Propsteikirche is the common name of a church in Dortmund, North Rhine-Westphalia, Germany, the only Catholic church in the city centre. The full name is Propsteikirche St. Johannes Baptist Dortmund. It was built from 1331 as the abbey church of a Dominican monastery. Consecrated in 1458, it features a late-Gothic high altar by Derick Baegert which shows the oldest depiction of Dortmund.

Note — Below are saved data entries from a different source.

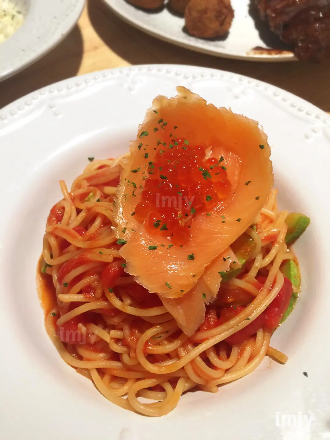 煙三文魚配醬油漬三文魚籽鮮茹意粉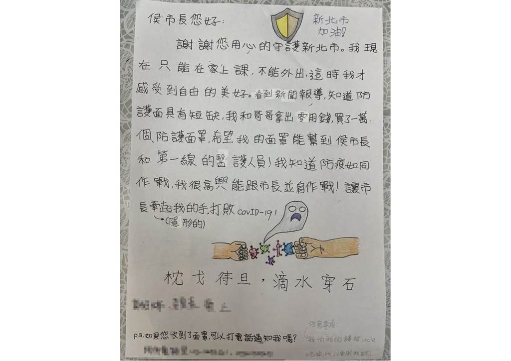 ▼信的最後,這對可愛的兄妹特別備註:「如果收到面罩可以打電話通知我嗎?我怕我的錢被叔叔吃掉,所以要跟我說。」侯友宜笑回,面罩已經收到了,小朋友真的很可愛,謝謝他們的愛心,市長會繼續努力,對抗病毒。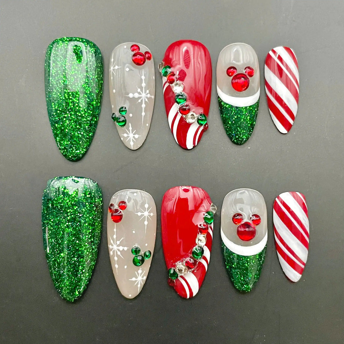 Celebrate the season with these festive handmade press-on nails! Featuring sparkling green glitter, classic candy...
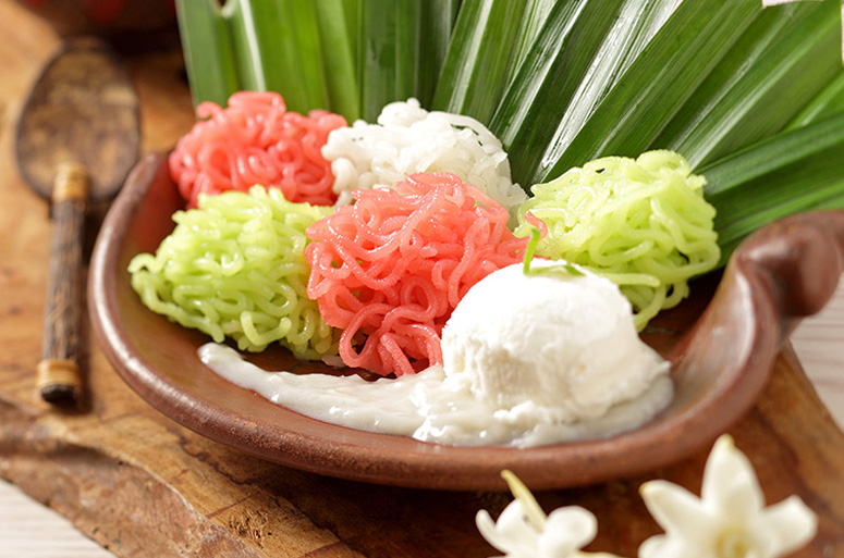 Bagi Anda yang lebih menyukai sajian Putu Mayang versi original, bisa menggunakan kuah santan untuk menggantikan saus durian.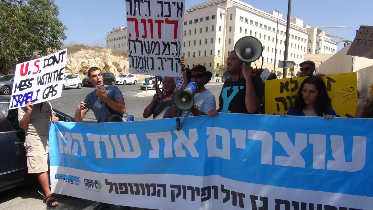 עשרות בני אדם הפגינו הבוקר (ראשון) בכניסה למשרד ראש הממשלה, שם מתקיימת ישיבת הממשלה שבה צפוי להיות מאושר מתווה הגז.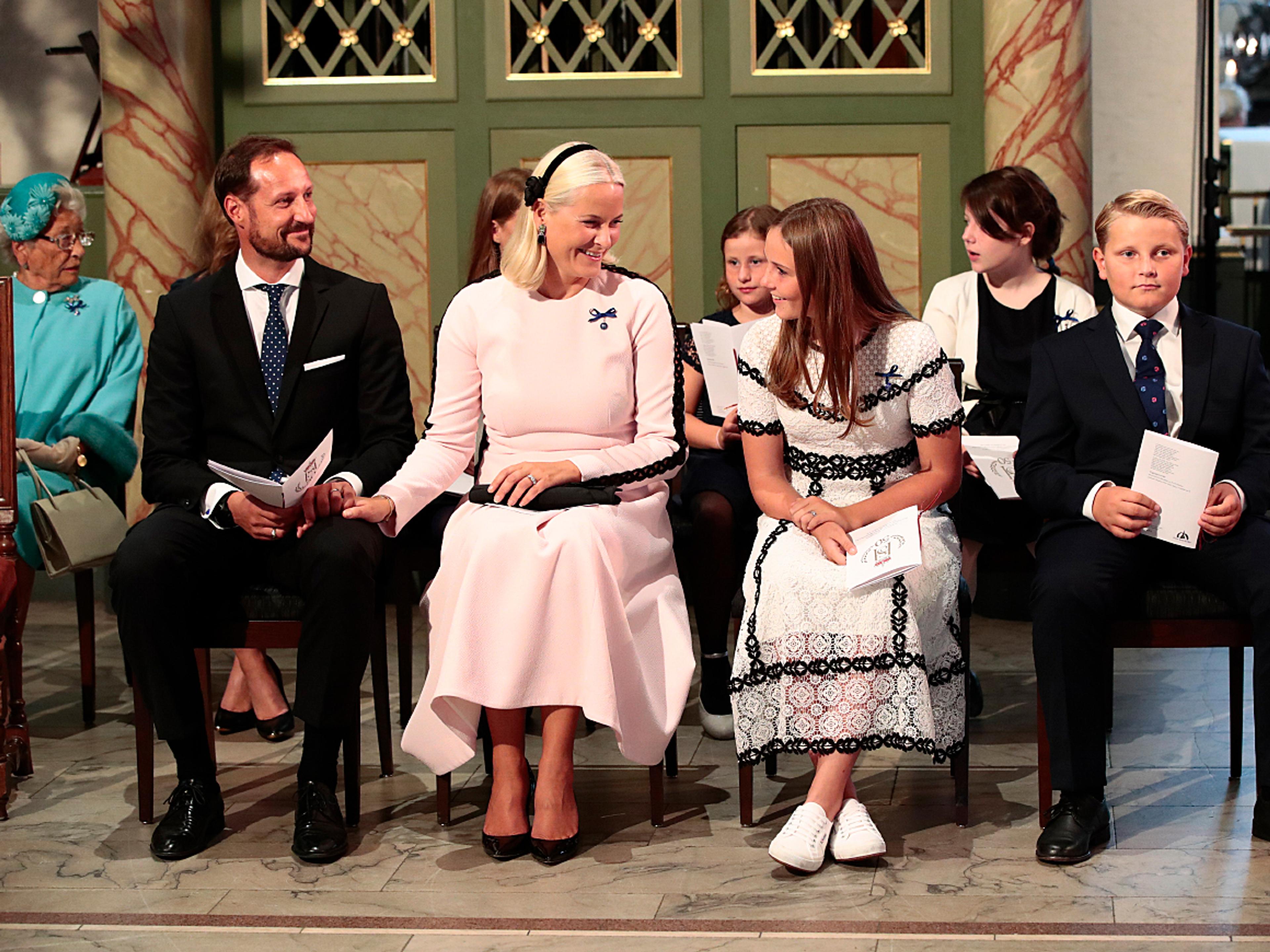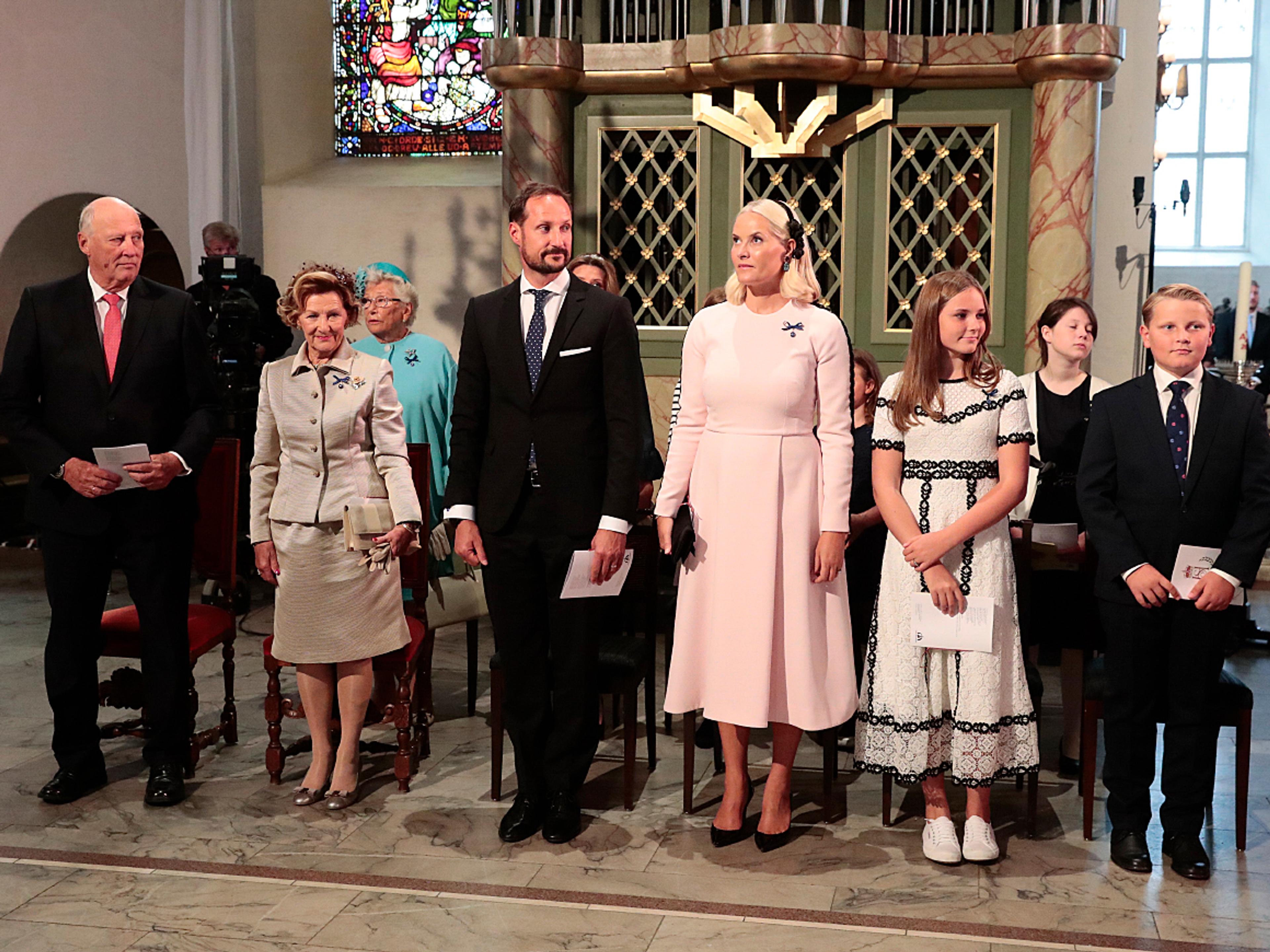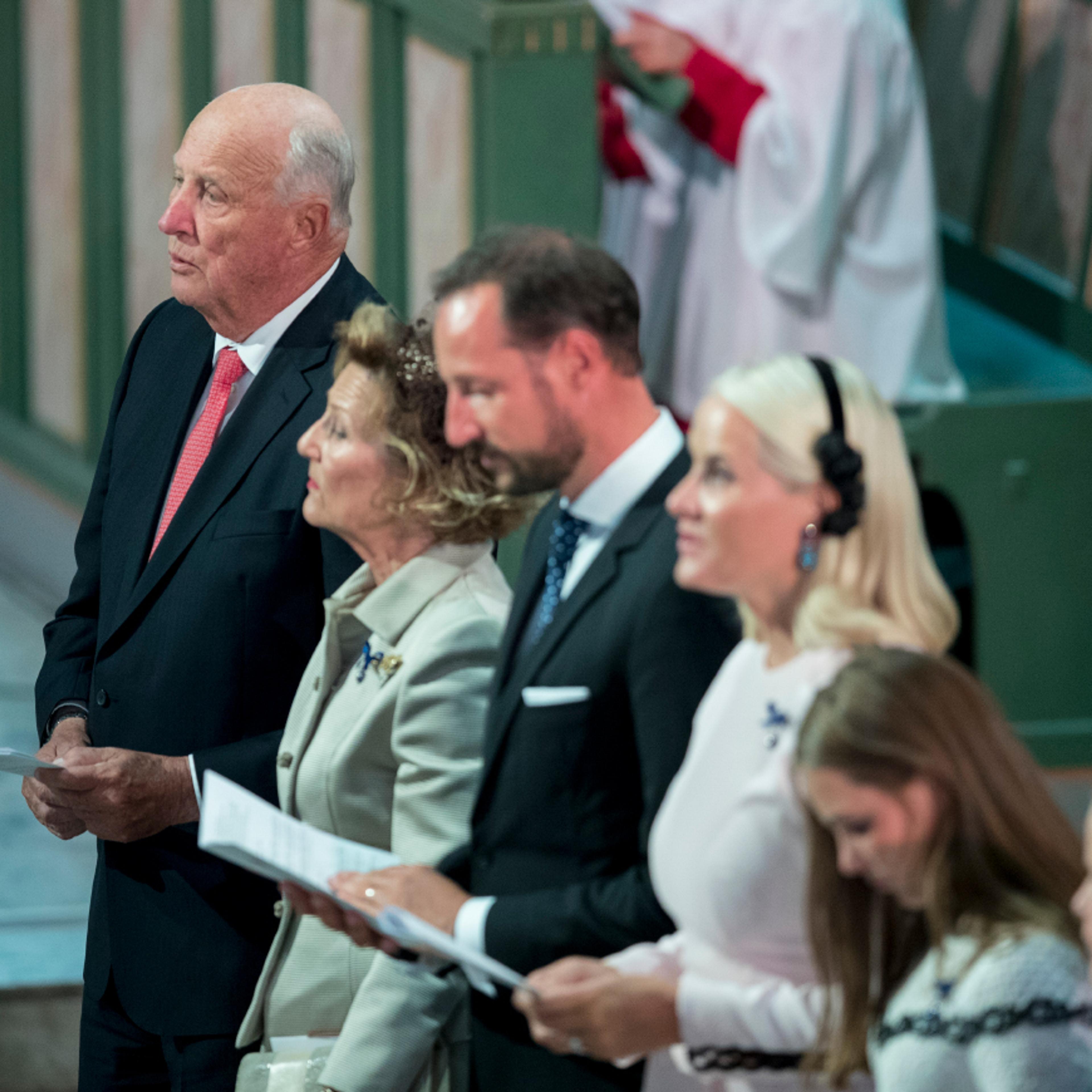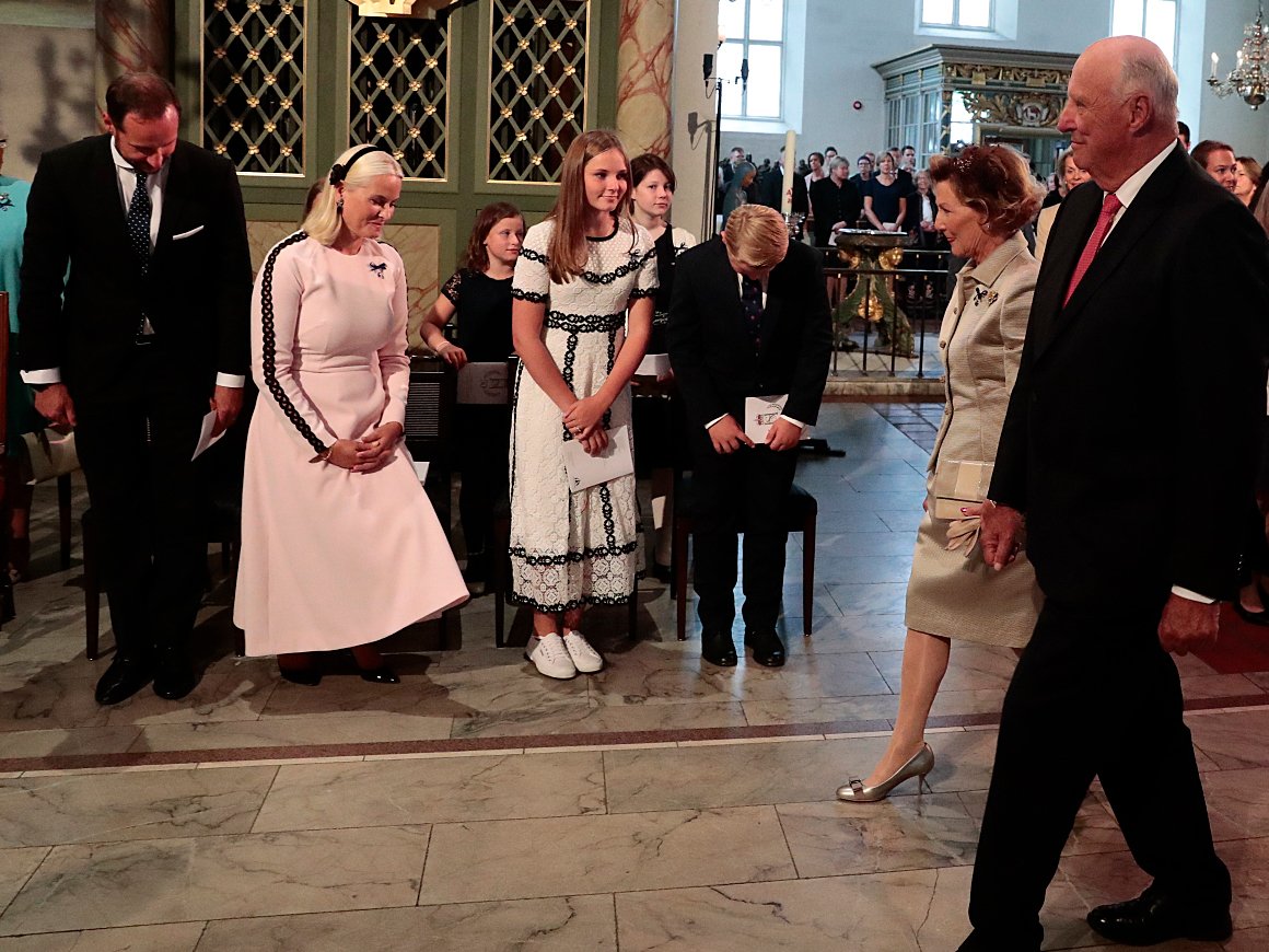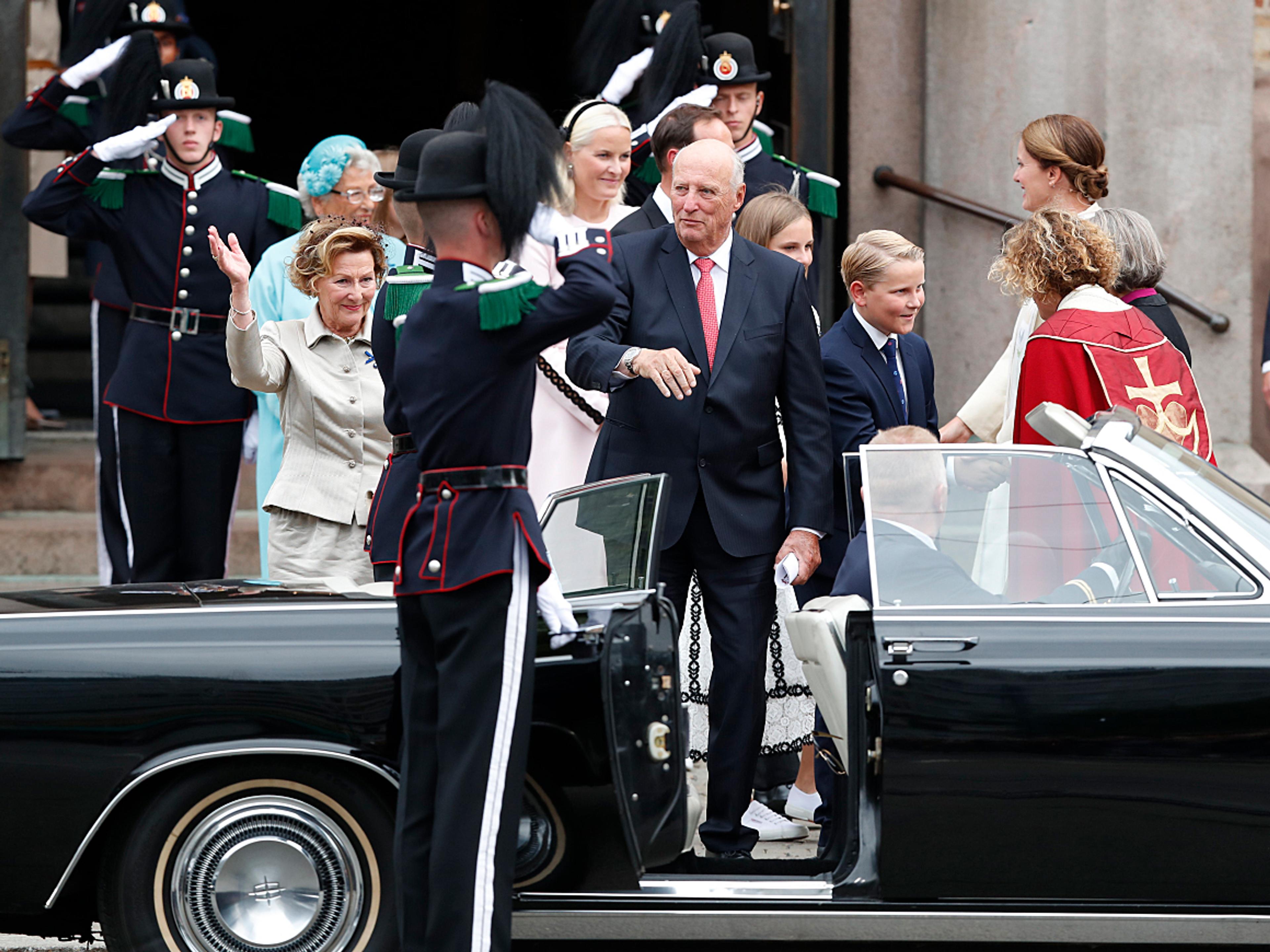 Noen minutter før gudstjenesten skulle ta til, reiste Kong Harald og Dronning Sonja fra Slottet i åpen bil - i A5, den samme bilen som tok dem fra Domkirken til Slottet som nygift par i 1968. Det var også denne bilen som kjørte Kronprinsparet etter deres bryllup i 2001.

The church became the first Catholic church in Dortmund after the Reformation, a Propsteikirche from 1859. Destroyed in World War II, it was rebuilt until 1966. Its organ, built in 1988, makes it a concert venue.

== History ==
A Dominican abbey was founded in Dortmund in 1330, and a first abbey church was built from 1331 to 1353, consecrated in 1354, dedicated to John the Baptist. It was soon expanded to a Gothic hall church, begun in 1404 and consecrated in 1458. The church of a mendicant order, it was mainly a place for prayer and built simple and without a steeple. The abbey was dissolved during the secularization in 1816. The church became the first Catholic parish church in Dortmund after the Reformation in 1819. It was promoted to a Provost church in 1859. The former abbey buildings were used to house the priest and as school buildings.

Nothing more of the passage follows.